There has been significant growth in Latin America in the formation of startups related to the financial and insurance industries. This growth is estimated to be close to 50 percent in the last 12 months, as reported by Finnovista in its Fintech Radar Report of 2018.
Brazil, Mexico, and Colombia are the leaders in the region regarding the number of fintech and insurtechs created as of June 2018, although insurtechs represent barely 6 percent of the total of the startups in this segment, she adds.
“The growth in Latin America insurtech is logical since insurance plays a vital role in stabilising emerging economies and minimising risk,” says Carlou.
She notes: “Latin America is generally under-penetrated and underinsured, despite steadily growing incomes over the past two decades. Currently, insurance penetration is between 2 and 4 percent across the region. Latin America remains behind the rest of the world in insurance coverage with the exception of some parts of Asia and Africa.”

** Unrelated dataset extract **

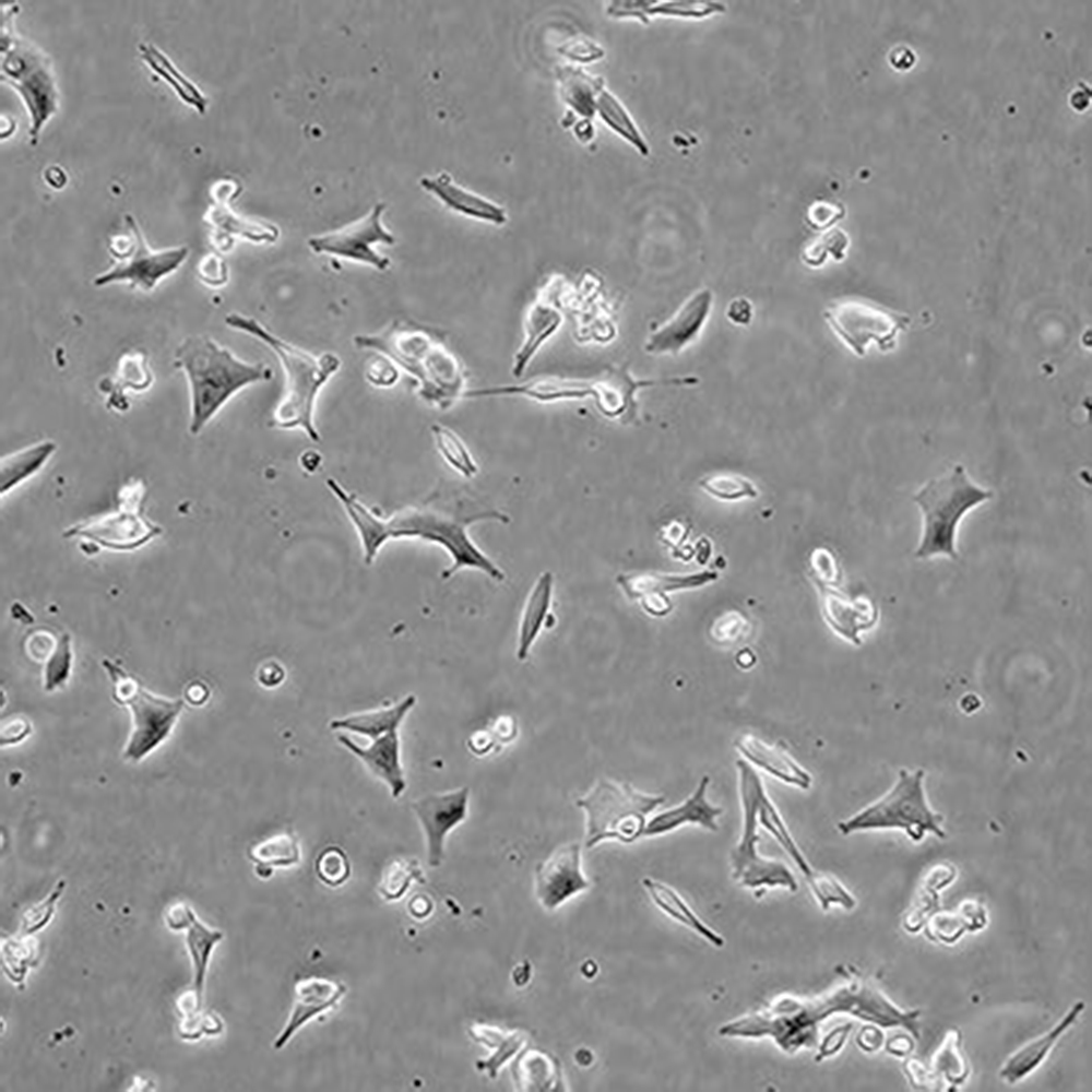如果細(xì)胞密度達(dá)80%-90%,即可進(jìn)行傳代培養(yǎng)。1. 棄去培養(yǎng)上清,用不含鈣、鎂離子的PBS潤洗細(xì)胞1-2次。2. 加2ml消化液(0.25%Trypsin-0.53mM EDTA)于培養(yǎng)瓶中,置于37℃培養(yǎng)箱中消化1-2分鐘,然后在顯微鏡下觀察細(xì)胞消化情況,若細(xì)胞大部分變圓并脫落,迅速拿回操作臺,輕敲幾下培養(yǎng)瓶后加少量培養(yǎng)基終止消化。3. 按6-8ml/瓶補(bǔ)加培養(yǎng)基,輕輕打勻后吸出,在1000RPM條件下離心4分鐘,棄去上清液,補(bǔ)加1-2mL培養(yǎng)液后吹勻。4. 將細(xì)胞懸液按1:2到1:5的比例分到新的含8ml培養(yǎng)基的新皿中或者瓶中。 |

A solution for underinsurance?
Carlou believes that insurtech companies are not trying to disrupt the insurance industry, but are instead developing innovative products and solutions to improve the value that traditional players provide to their clients. This is particularly true in areas such as policy issuance and claims processing, as well as gaining insights from data and analytics.
“Insurers are beginning to watch the tech industry with a mixture of interest and concern even though many experts consider that an insurance revolution in Latin America is some years away.

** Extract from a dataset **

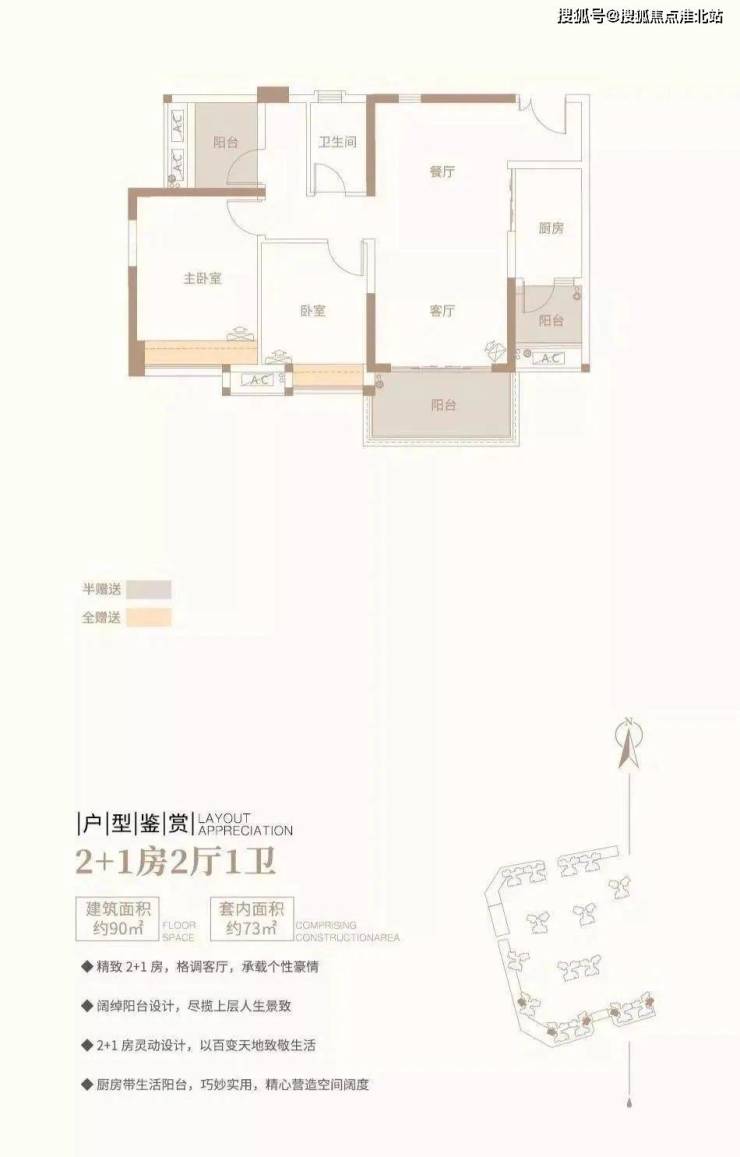 2+1房2厅1卫/约90平方米

“Unfortunately, the low level of financial inclusion combined with high economic inequality continues to exclude a portion of the Latin American population from insurance policies,” she adds.
According to Carlou, who previously served as chief executive officer of Patria Re, explains that there’s still space to innovate and provide more targeted products to this underserved market.
She says: “There’s room to deliver insurance products to people who are not currently in the market, including the emerging middle class, where small payouts for life insurance, car insurance and others can mean the difference between slipping back into poverty and staying in the middle class.
“Where micro insurance did not have such a large impact, could insurtech prevail?”
Technology could be a significant driver of improved insurance penetration in Latin America, says Carlou, if insurers use developments to provide more tailored products to their customers, and if regional governments cooperate with regulations.
“Insurtech must be seen as a significant potential tool to bring improved insurance outcomes and increased economic stability to Latin America,” she concludes.